Собственно, главный парадокс русской революции с ее наивным и страшным утопизмом в том и заключался, что она решила отменить человека в его нынешнем виде — и потому-то ее с таким восторгом приветствовал любивший «Бранда» Блок: упраздняются жадность, моногамия, чувство собственности, страх перед будущим, жалость к ближнему… Не будет большим преувеличением сказать, что крах русской революции был обусловлен не социальными, а биологическими причинами. Оказалось, что добро и зло в человеке увязаны крепко и хитро; что, уничтожая пороки, революция уничтожила и добродетели; что, ликвидируя привязанность к вещам и бытовую укорененность, она разрушила и милосердие; что попытка создать нового человека обернулась озверением. Поняв это, Пастернак надолго замкнулся в себе.
4
Пастернак долго не считал себя профессионалом в литературе — именно потому, что не мог писать ежедневно, регулярно: «Не как люди, не еженедельно»… В девятнадцатом он написал сравнительно немного, в двадцатом почти не писал. Жизнь его в это время как бы замерла; как всегда в периоды лирической немоты, он интенсивнее обычного осмыслял происходящее, но — теоретически. Иногда — в письмах или ответах на анкеты, как в двадцать четвертом — двадцать шестом, а иногда в теоретических статьях, которые он все еще надеялся объединить в книгу.
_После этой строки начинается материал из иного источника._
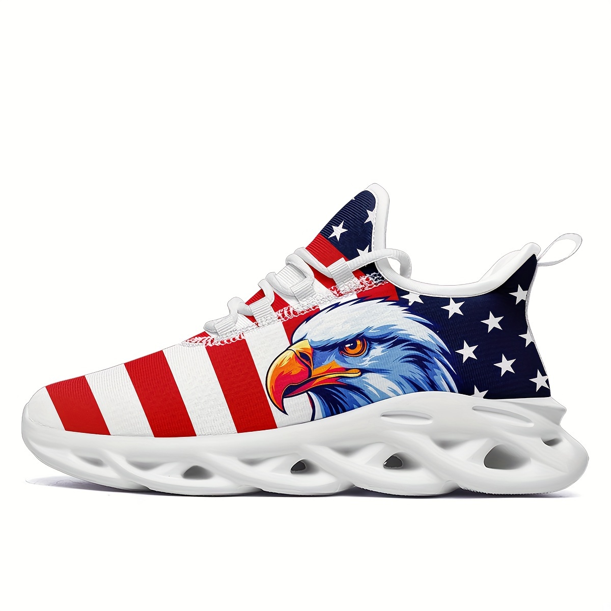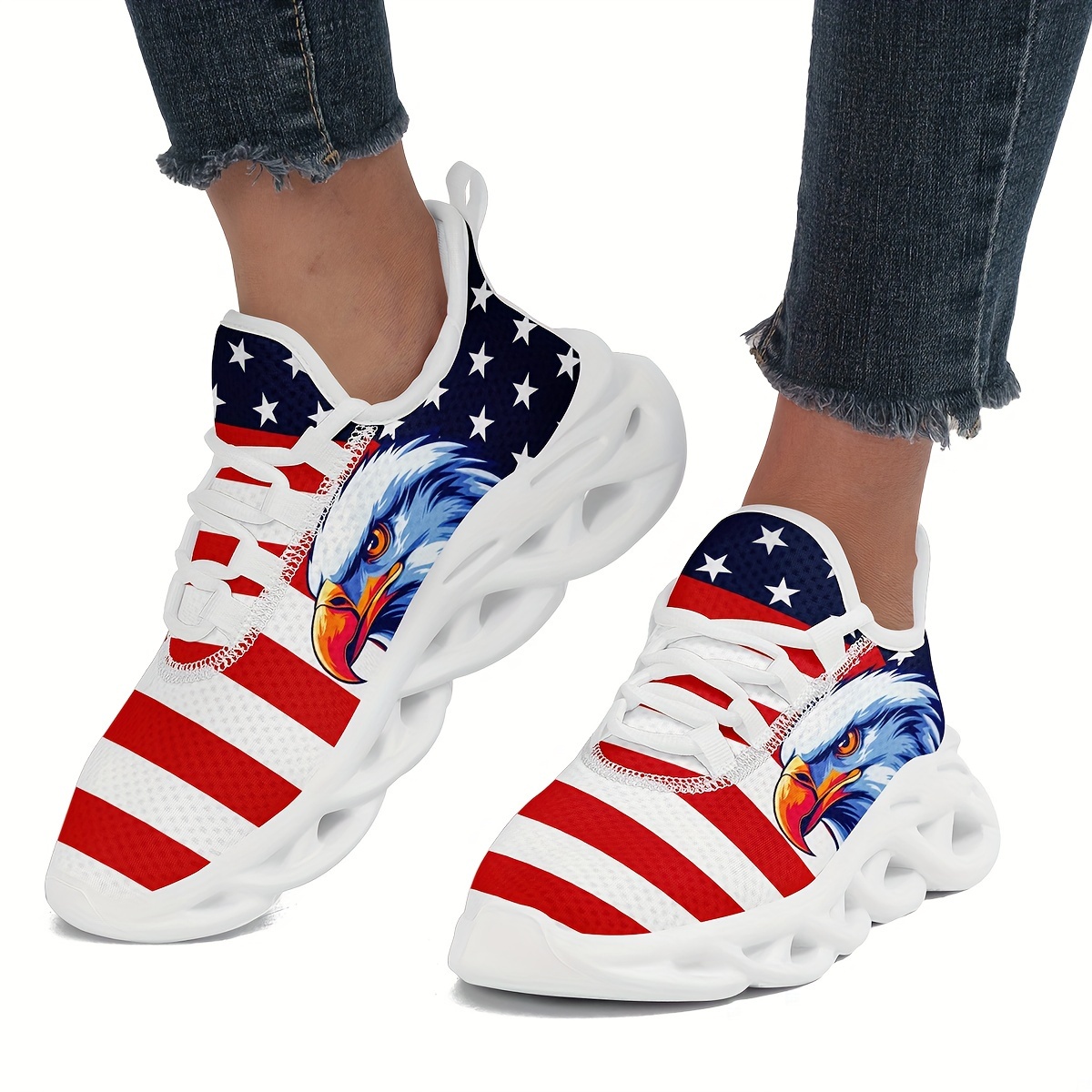 Women's American Flag & Eagle Patriotic Sneakers - Red White & Low-Top Sneakers with Arch, Cushioned Sole, All-Season Comfort - Ideal for Casual, Sports & 4th of July Events - Breathable Mesh & Lace-Up Closure - Lightweight
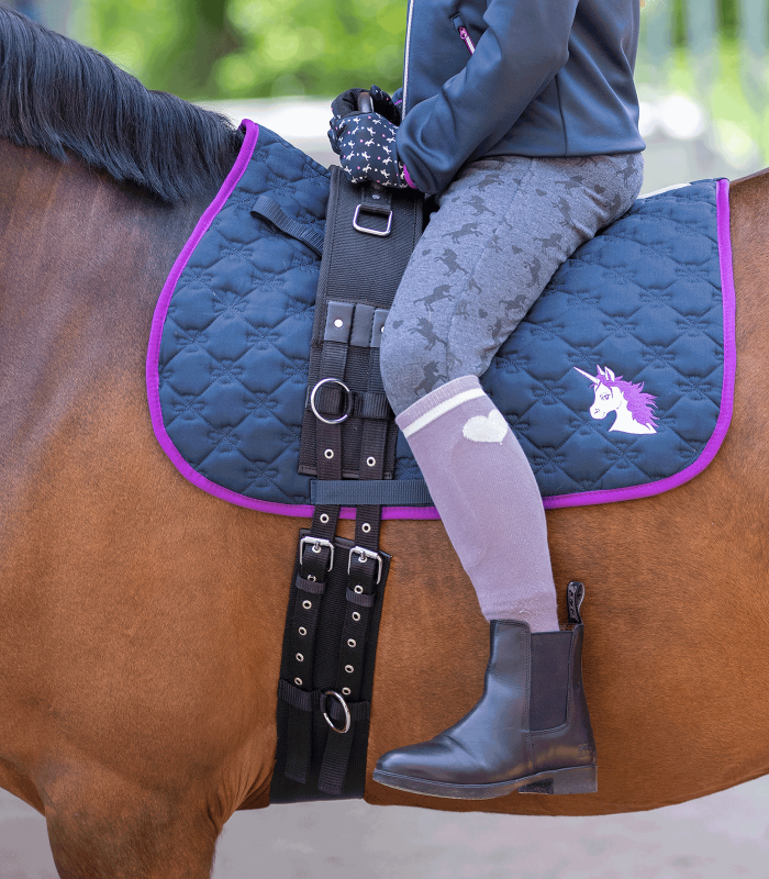Гурта из прочного синтетического материала с одной кожаной ручкой. Подойдет для иппотерапии или обучения. Подбрюшный ремень пристегивается с обеих сторон. Есть прямоугольные кольца к которым можно пристегнуть стремена и 4 кольца для крепления дополнительных средств управления. Регулируется по обхвату: Full - от 180 см до 240 см
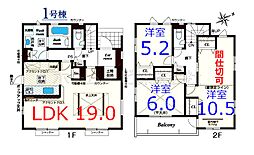 | 間取り | 4LDK 間取り内訳:リビングダイニングキッチン 22.9帖(1階)・洋室 8.1帖(2階)・洋室 5.2帖(2階)・洋室 5.2帖(2階)・洋室 4.5帖(2階) |
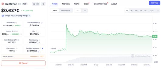 6일 오후 1시 10분 업비트 기준 레드스톤(RED)은 전일 대비 3.97% 내린 895원에 거래됐다. 전날 오후 5시 원화마켓 상장 직후 1600원까지 치솟았던 RED는 하락세로 돌아섰다. 같은 시간 코인마켓캡 기준 RED는 전일 대비 43.68% 오른 0.6370달러를 기록했다. 업비트 상장 공지가 올라온 전날 오후 4시 45분 이후 가격이 급등한 영향이다.
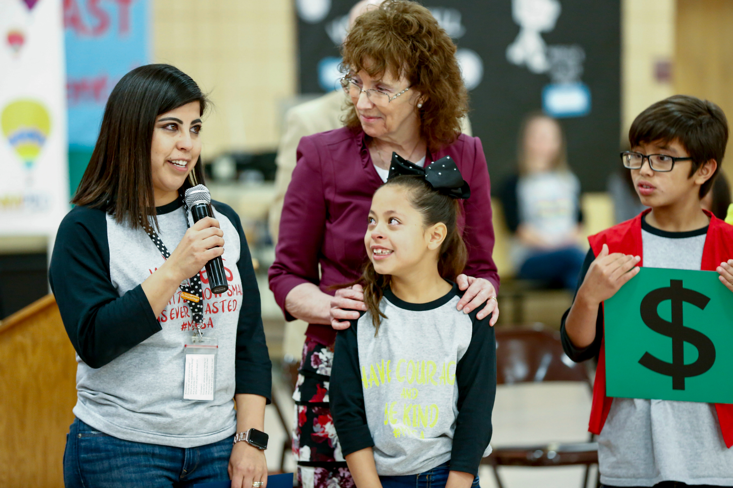 Mesa Elementary School | Clovis, NM | Nov 20, 2018Fourth-grade teacher Silvia Miranda addresses the students, staff and guests gathered in her honor, as Milken Educator Awards Senior Vice President Dr. Jane Foley and daughter Joanna Miranda, a Mesa third-grader, look on. "I do what everyone here does in their classrooms—fill our kids with love," she says.
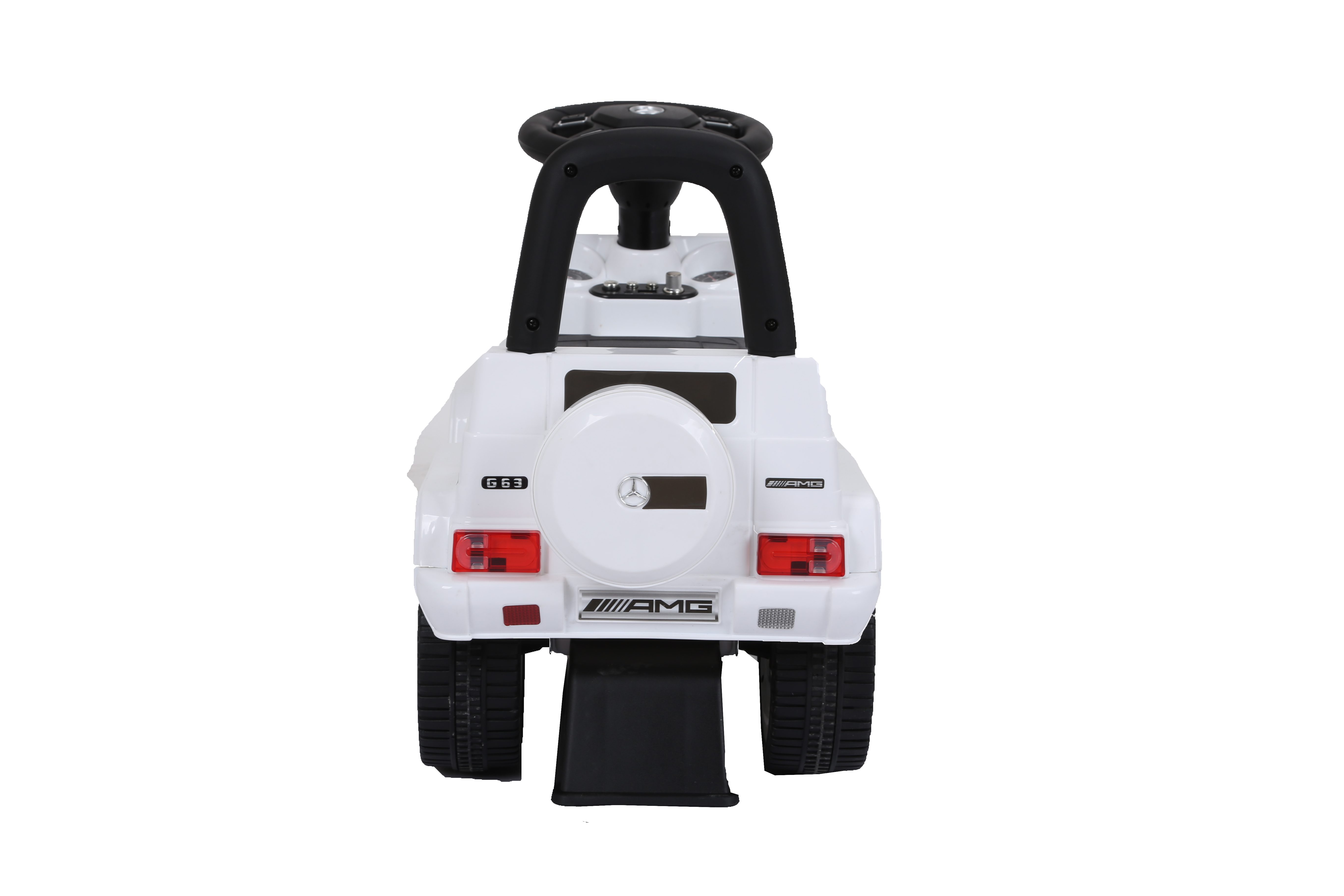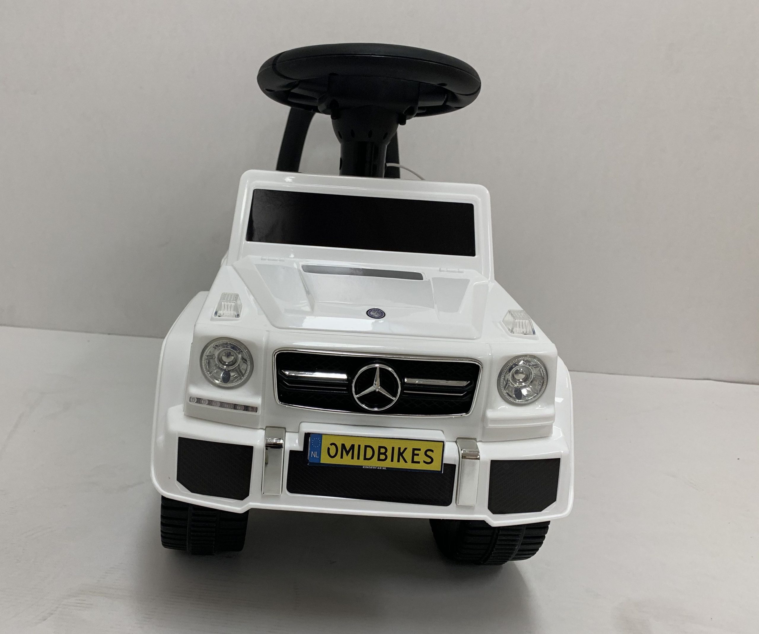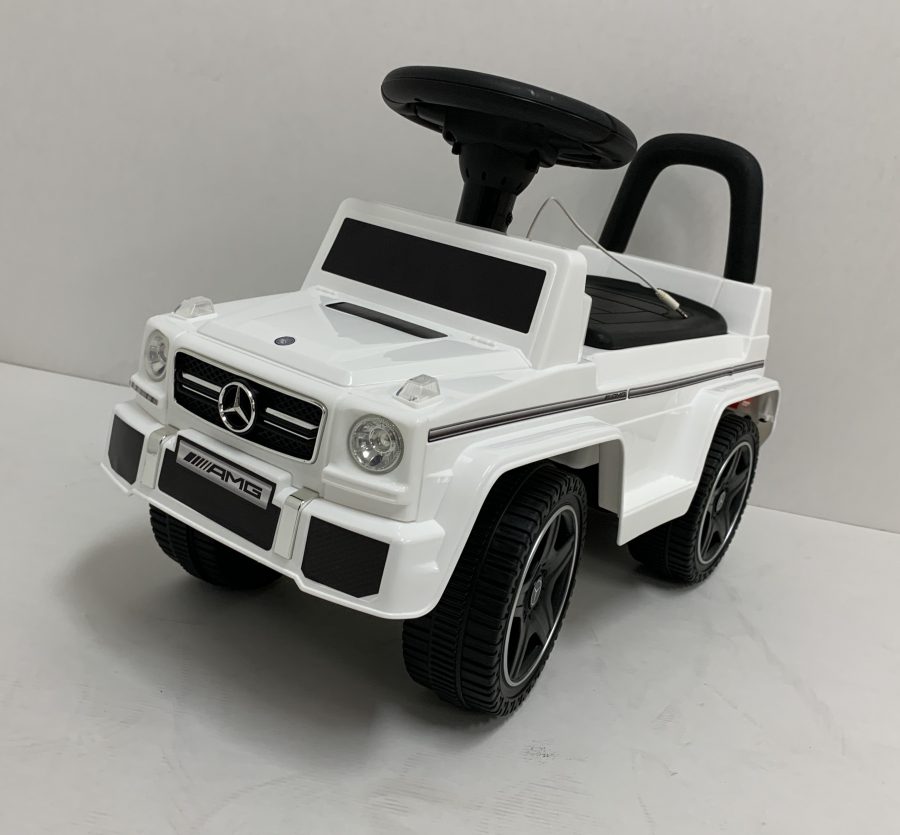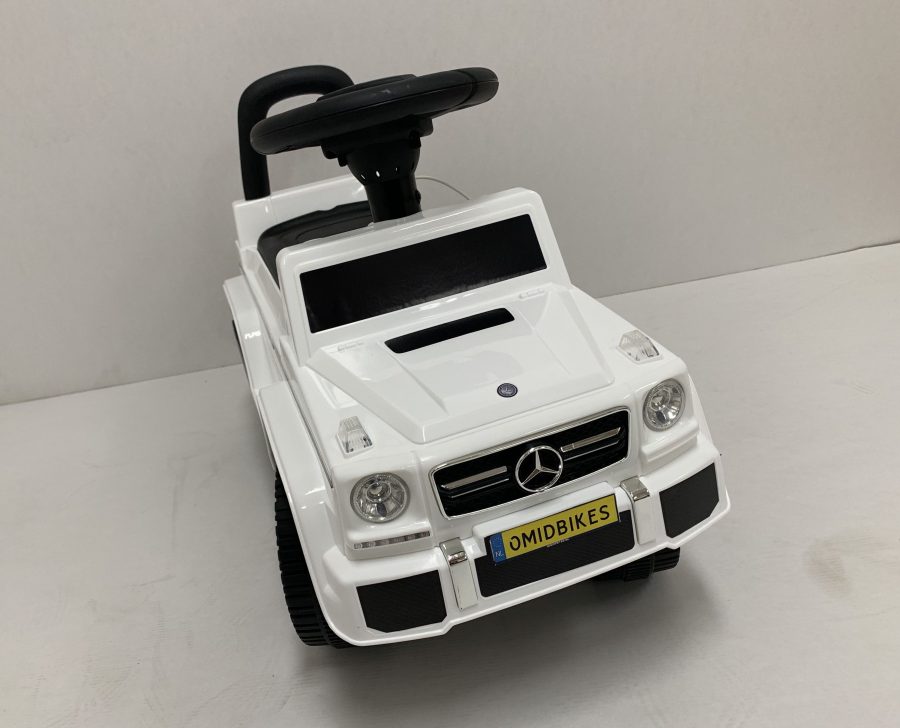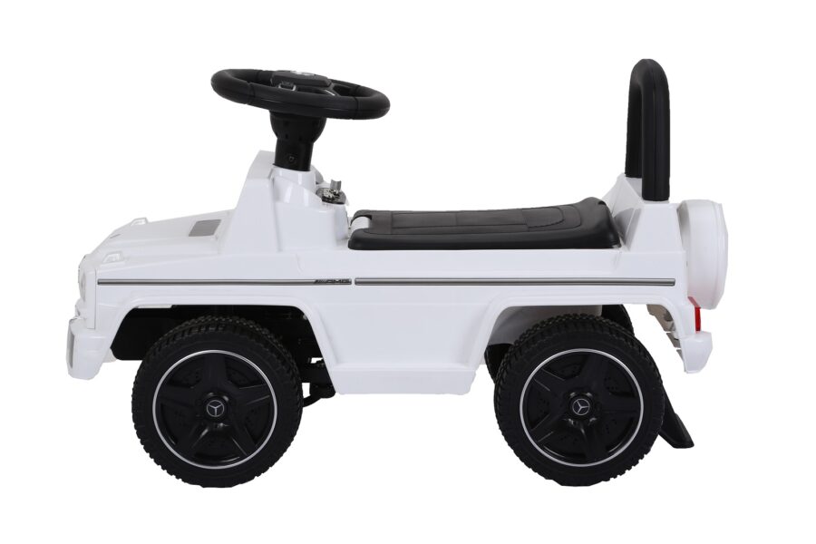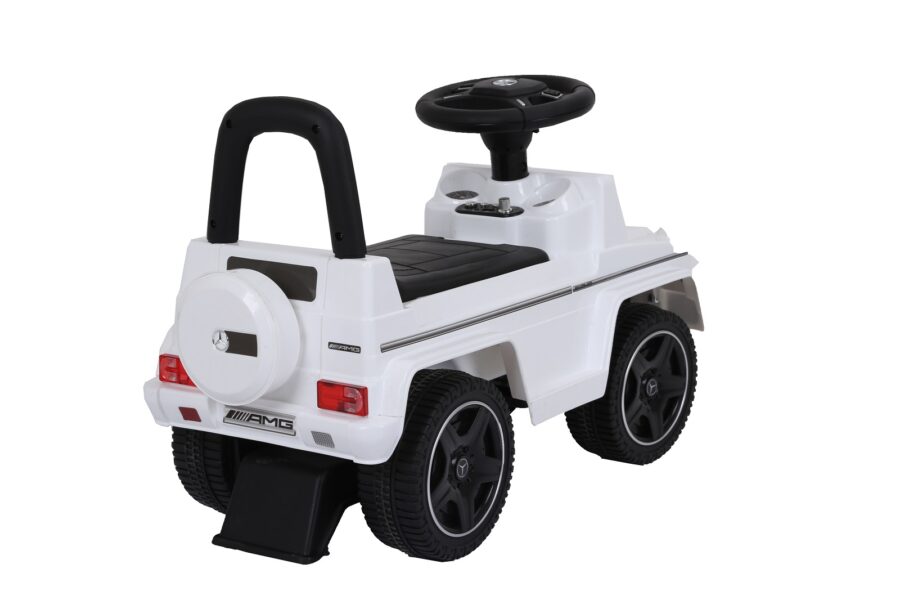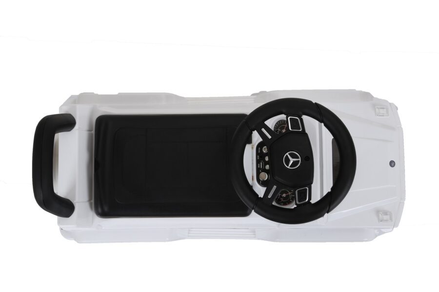 Deze luxe Mercedes G63 AMG loopauto is voorzien van een AUX / MP3 input en boxen om muziek rechtstreeks vanaf je telefoon en MP3 speler af te spellen!

Сначала задумывалась книга «Символизм и бессмертие», которую он в 1913 году так и не осуществил,— потом, в период почти полного отказа от стихов, он затеял «Статьи о человеке» (впоследствии появилось название «Квинтэссенция», которое он объяснял так: итальянские гуманисты к четырем стихиям причисляли пятую, а именно человека; феномен человека он и попытался объяснить). Почему именно в восемнадцатом и девятнадцатом появилась эта насущная необходимость объяснить другим — а прежде всего себе — феномен человека? Потому что представление это, вследствие событий третьего и четвертого этапов русской революции, значительно расширилось; Пастернак видел и чудеса самопожертвования, и зверство, и «судорожное окоченение», как называл он московскую жизнь этого времени. Надо было что-то понять о человеке — и Пастернак, видимо, понял, но книги не написал. К девятнадцатому году относится тихая революция в его мировоззрении, о которой мы почти ничего не знаем, если не считать позднего признания в «Рассвете»:
- Ты значил все в моей судьбе.
- Потом пришла война, разруха —
- И долго, долго о Тебе
- Ни слуху не было, ни духу.
В восемнадцатом-девятнадцатом пошатнулось религиозное миропонимание Пастернака, поскольку катастрофа не только вернула жизнь к ее простым и важным первоосновам, но и сняла с нее налет тончайшей, трудноуловимой субстанции, которая делала существование возможным. Дальше пришлось жить в мире, лишенном пленительных условностей и утонченных радостей,— в мире почти без искусства, хотя очень скоро Москва и наводнилась поэтическими кафе (в меню имелись чай, морковный кофе, пирожные из черного хлеба с повидлом).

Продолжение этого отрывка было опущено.